Мурзин невольно выдал свои опасения. Насколько я понял, его беспокоили не только старые раны. Урожай…
И престиж. Может быть, даже положение.
— Но какие все-таки претензии ко мне? — спросил я.
— Собственно… Понимаете, у нас каждая транспортная единица на учёте, а вы на целый день грузовую машину, можно сказать, заняли…
— Я езжу на автобусе.
Мурзин кашлянул в кулак:
— О Коломойцеве я. Шофёр. Трехтонка.
— Он был занят на допросе не более полутора часов.
Емельян Захарович хлопнул себя по коленям:
— Вот же! А представил повестку, будто весь день…
Я вспомнил, что действительно, кажется, не поставил ему часы. Посчитал: не город, в деревне сойдёт и так. Тутошний талант-самородок со светло-голубыми глазами преподал мне небольшой урок. Впредь буду отмечать время допроса вплоть до минуты.
— Что я могу поделать, — сказал я, — моя работа, наверное, требует жертв.
— А может, как-нибудь в нерабочее время? Я же вам предлагал…
— Например?
— Ну, вечерком, после одиннадцати. Или утром.
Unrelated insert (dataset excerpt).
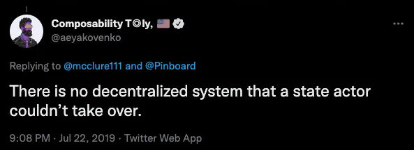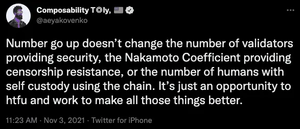 If we really are building the future of France on top of these networks though, I want the strongest assurances possible. Even against a state actor. It seems irresponsible to build a systemically important network for the global economy that an adversarial government could easily attack. You don’t have to look around too hard to realize that economic and cyber warfare are increasingly the preferred methods of offense. These systems must be designed in such a way to make these attacks cost in the many trillions of dollars so as to be infeasible. If number go up helps to protect that, then so be it!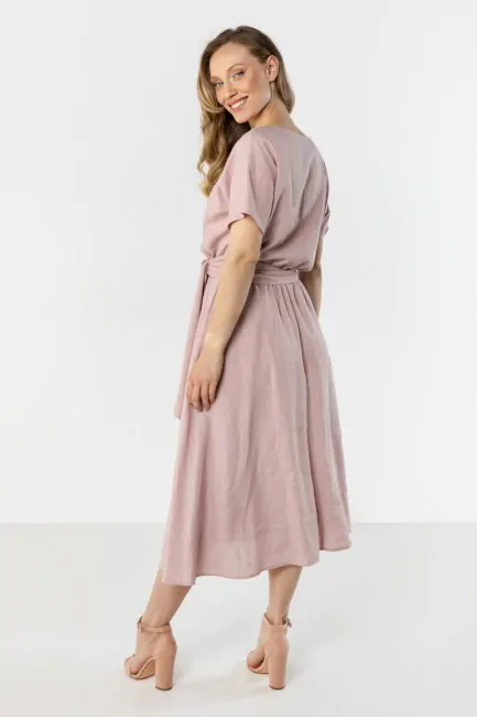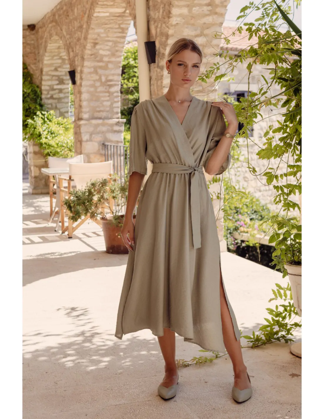 DM1570 Sukienka kopertowa z wiązaniem w talii - szałwiowa

Часиков в шесть.
— Нет, Емельян Захарович, нельзя.
— Почему же? Вечером, например, самое время для беседы. Недаром люди собираются обычно, так сказать, для душевного разговора под вечер.
— Вы хотите сказать, для лёгкого, весёлого общения…
То — другое. А мы не имеем права этого делать. По закону не полагается.
— Ну да, — усмехнулся он. — Прямо так вы закон и соблюдаете…
— Конечно, — сказал я. — Представьте себе, человек весь день работал, он устал, рефлексы его притуплены, внимание ослаблено. А допрос-это огромная ответственность. Тут каждое слово может сыграть решающую роль.
Неточное показание может обернуться против допрашиваемого. Поэтому-то закон и оберегает его.
— И никогда никаких исключений? — прищурился Мурзин.
— Есть. Но и они тоже предусмотрены кодексом. Иногда обстоятельства дела вынуждают производить допрос и среди ночи. В любое время суток. Но это-в особых случаях. И мы должны обосновать почему. За нарушение нас тоже по головке не погладят.